Spatial and Temporal Design
Quantifying ecological processes over time and large spatial extents requires a complex spatiotemporal sampling design. To characterize ecological change and uniquely support studies that link individual local measurements to site-level and continental-scale questions about ecological change, the Observatory:
- Strategically locates sites across the U.S. to capture variability in ecological and climatological conditions;
- Monitors and records conditions at varying time scales from multiple data points per second to multiple data points per year;
- Calculates statistics and uncertainties for wider time ranges, such as 30-minute, daily, monthly, and yearly;
- Coordinates local measurements in the field with high-resolution airborne remote sensing data, which may be further integrated with datasets generated by other researchers or scientific organizations; and
- Provides resources, such as collection and processing protocols as well as code resources, for the ecological community to take comparable measurements and samples, and integrate observations and datasets independently.
Read the 2011 Science Strategy document
Scalable Design: Local to National
NEON’s ecoclimatic Domain approach strategically determined site locations representative of ecological and climatological conditions. NEON statistically partitioned the continental U.S., Hawaii, and Puerto Rico into 20 ecoclimatic Domains that represent distinct regions of vegetation, landforms, and ecosystem dynamics to capture the full range of U.S. ecological and climatic diversity. In each Domain, NEON collects data about plants, animals, soil, nutrients, freshwater, and the atmosphere using sensor measurements and field observations.
NEON field-based measurements provide detailed information that characterizes local, site-level change. Airborne data combined with site-level data capture contiguous site-level information and can be combined with existing satellite data to support regional to continental characterization of ecological processes.
Airborne remote sensing data
NEON uses sensors mounted on an airplane to collect data that characterizes ecological conditions continuously over the entire area of its field sites. These airborne data, combined with site-level measurements that often represent smaller plots, are used to estimate vegetation height, density, health, and even leaf chemistry across entire NEON sites and regions. These site-level NEON data products support the study of ecological change across disparate ecosystems throughout the U.S.

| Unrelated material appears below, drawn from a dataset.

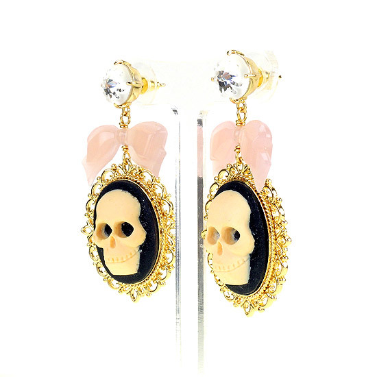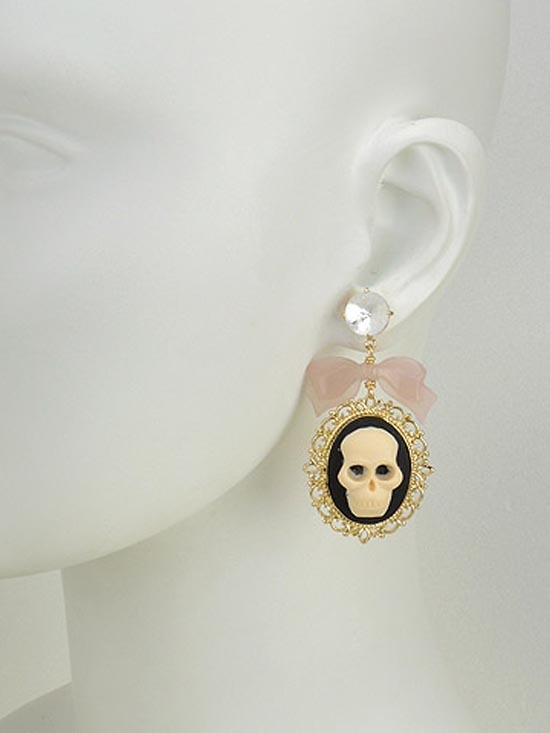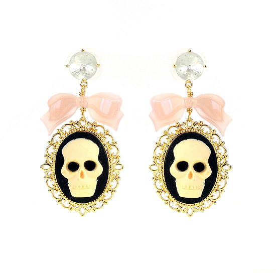 充滿萬聖節神秘氛圍的耳環,精緻的骷髏浮雕搭配粉色調的蝴蝶結,衝突的美感,風格獨特,無論是平日或派對時光,都為個人造型增添光采。

Measurements at multiple scales
Scaling information from NEON sites to the continental U.S., Hawaii, and Puerto Rico presents considerable challenges that must be addressed through systematic sampling within a framework of multi-scaled observations, analysis, and modeling. NEON provides opportunities to integrate local to continental-scale measurements that characterize ecological change. For example, NEON 1) measures individual trees at sites and 2) collects remote sensing data that characterize trees and forests over multiple sites. Scientists can integrate these measurements with existing nationwide datasets, such as satellite derived land cover data. Combined, these data provide a more integrated view of carbon flux and vegetation cover over time.
Field-based measurements
At each site, NEON collects biological, chemical, and physical measurements and samples using manual field measurements and calibrated sensors. NEON produces data products that characterize site-level conditions at varying spatial and temporal resolutions. For example, field technicians collect vegetation data that identifies individual tree species and measures vegetation height and density within particular plots. Collected over time, this information can be used to track changes in vegetation structure and composition. NEON site-level observations also offer direct measurements of the ecosystem exchange of energy, water, and carbon at small spatial scales. Site-level estimates of water and carbon fluxes drive models that characterize and predict the responses of global biogeochemical cycles to changing climate and land cover.